[HOW TO COMPLETE THIS TASK]
Quote only the span from the first line of the entries to the line containing "Elaboración propia en", both ends kept. Leave every picture out.

[RECORDS FOR PROCESSING]
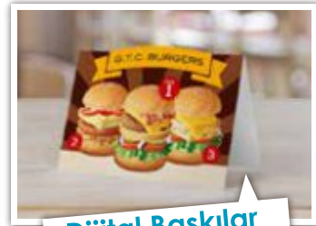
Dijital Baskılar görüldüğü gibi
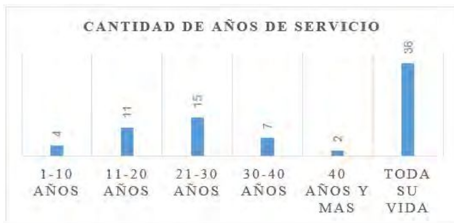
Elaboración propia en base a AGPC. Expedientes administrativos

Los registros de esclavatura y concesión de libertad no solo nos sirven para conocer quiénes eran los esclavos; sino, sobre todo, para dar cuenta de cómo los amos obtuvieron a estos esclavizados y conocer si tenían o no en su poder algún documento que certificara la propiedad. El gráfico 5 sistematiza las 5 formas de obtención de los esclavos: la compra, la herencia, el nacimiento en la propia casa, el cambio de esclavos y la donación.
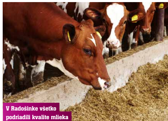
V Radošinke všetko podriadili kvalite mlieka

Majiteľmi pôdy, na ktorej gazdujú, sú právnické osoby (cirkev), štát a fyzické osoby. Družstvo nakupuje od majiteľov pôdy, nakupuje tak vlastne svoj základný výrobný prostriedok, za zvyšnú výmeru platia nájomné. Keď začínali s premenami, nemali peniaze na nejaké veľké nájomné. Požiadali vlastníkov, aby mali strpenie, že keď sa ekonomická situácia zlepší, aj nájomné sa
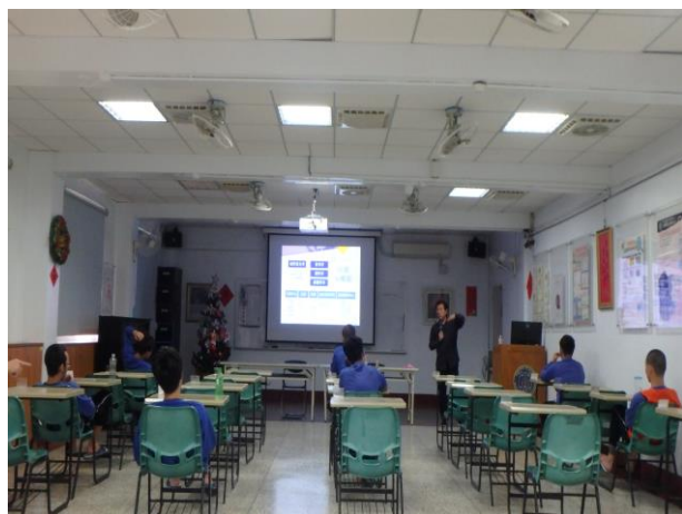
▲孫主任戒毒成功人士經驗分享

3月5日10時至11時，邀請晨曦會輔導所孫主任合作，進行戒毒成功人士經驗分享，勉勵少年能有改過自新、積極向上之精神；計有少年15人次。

[TASK SOLUTION]
Dijital Baskılar görüldüğü gibi
Elaboración propia en base a AGPC. Expedientes administrativos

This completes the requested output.